At least that’s how Muir Beach resident Sigward Moser felt Friday after he says he was threatened with a Taser gun, forced to the ground and handcuffed by a National Park Service ranger for refusing to stop cleaning up the oily beach beneath his home.

Moser, a 45-year-old communications consultant, said he was forced to sprawl handcuffed on the wet sand for an hour before he was released and given two misdemeanor citations, one for entering an emergency area and another for refusing a lawful order.

“It was pretty wet and uncomfortable,” he said Saturday. “This is very frustrating, and it was completely avoidable.”

Moser’s Pacific Way home overlooks Muir Beach, where cleanup crews with 100 professionals in white and yellow protective coveralls were at work yesterday.

But there was no one cleaning up Friday when oily globs the size of bowling balls began washing up on shore from Wednesday’s disastrous fuel oil spill.

Moser, a neighborhood liaison on the Muir Beach Disaster Council, went out on the oily beach with an impromptu crew of Buddhist monks in training at the nearby Green Gulch Zen Center.

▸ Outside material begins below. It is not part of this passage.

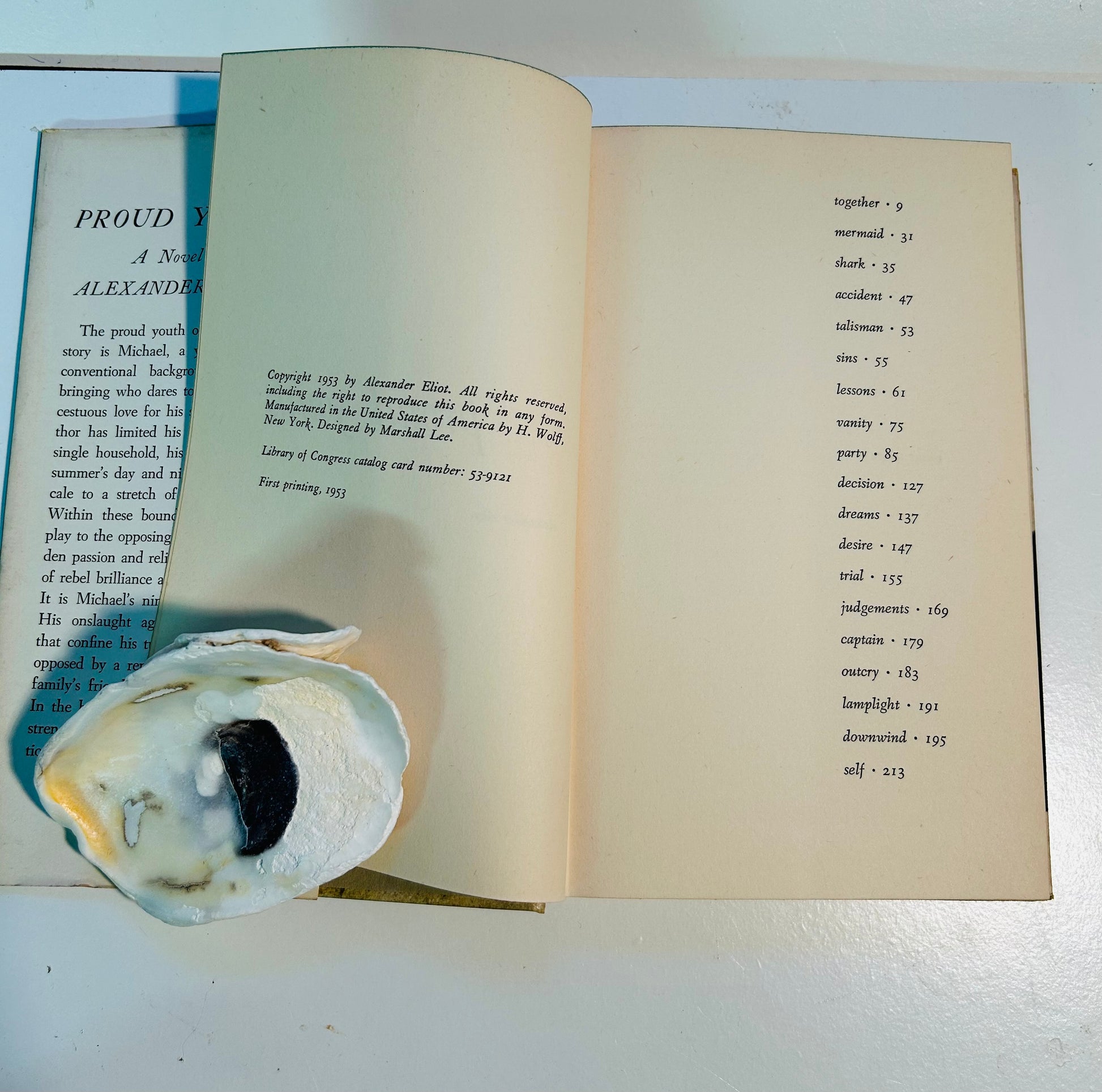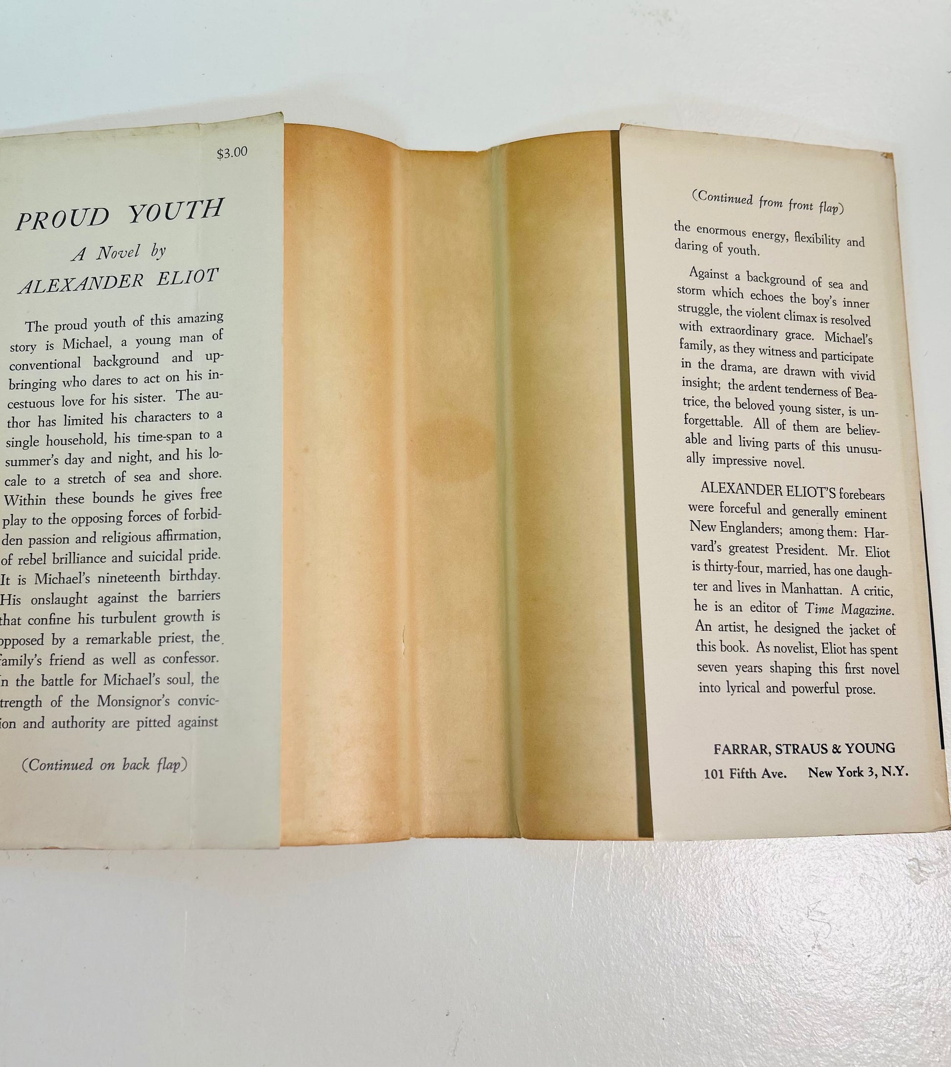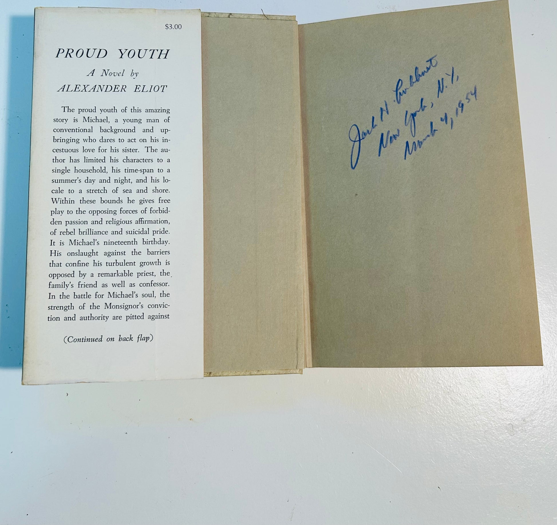 Alexander Eliot. First edition, stated first printing. New York: Farrah, Straus & Young, 1953. Both unclipped dust jacket and hardcover are in Very Good+ condition. Original price $3.00 on inside flap. No writing or markings found in this well-preserved edition, other than former owner signature on flyleaf, 222 pp. Marble coloured boards, top edge green. From the estate of Jack Lockhart, New York.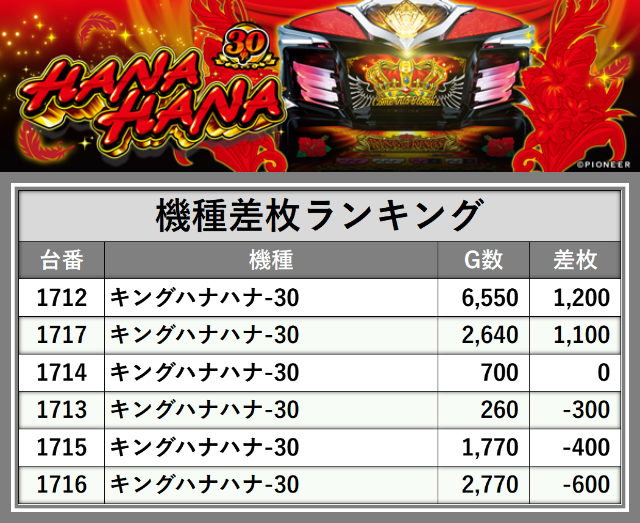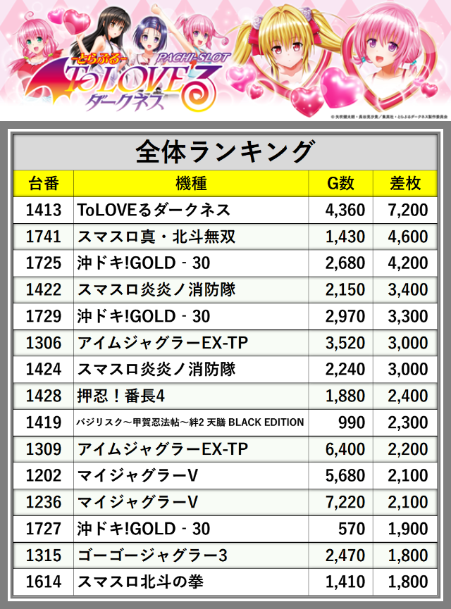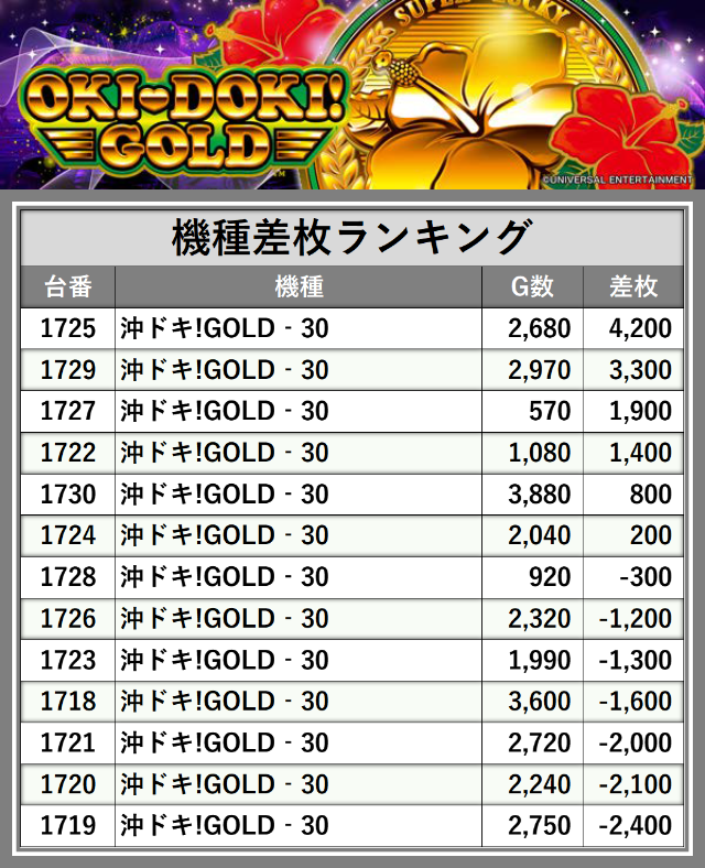 ※差枚数順に掲載しています

He said they scooped up 7,000 pounds of solidified oil and put it in plastic bags before park service officials arrived in the afternoon to size up the situation.

“You don’t have to be trained to do this,” he said. “We had on gloves and we didn’t feel there was a health risk. It just lifted up from the sand like it was in kitty litter. They came late with only five people. We felt that anything we could do is better than nothing.”

Moser said he declined three orders to halt his activities before he was cited.

Park service officials held a conference call on Saturday about the incident with members of the Muir Beach Community Services District.

“They were upset, but we tried to reassure them why trained professionals are needed to do this work,” said National Park Service publicist Rich Weideman, citing health hazards and unintended injuries to wildlife by untrained volunteers.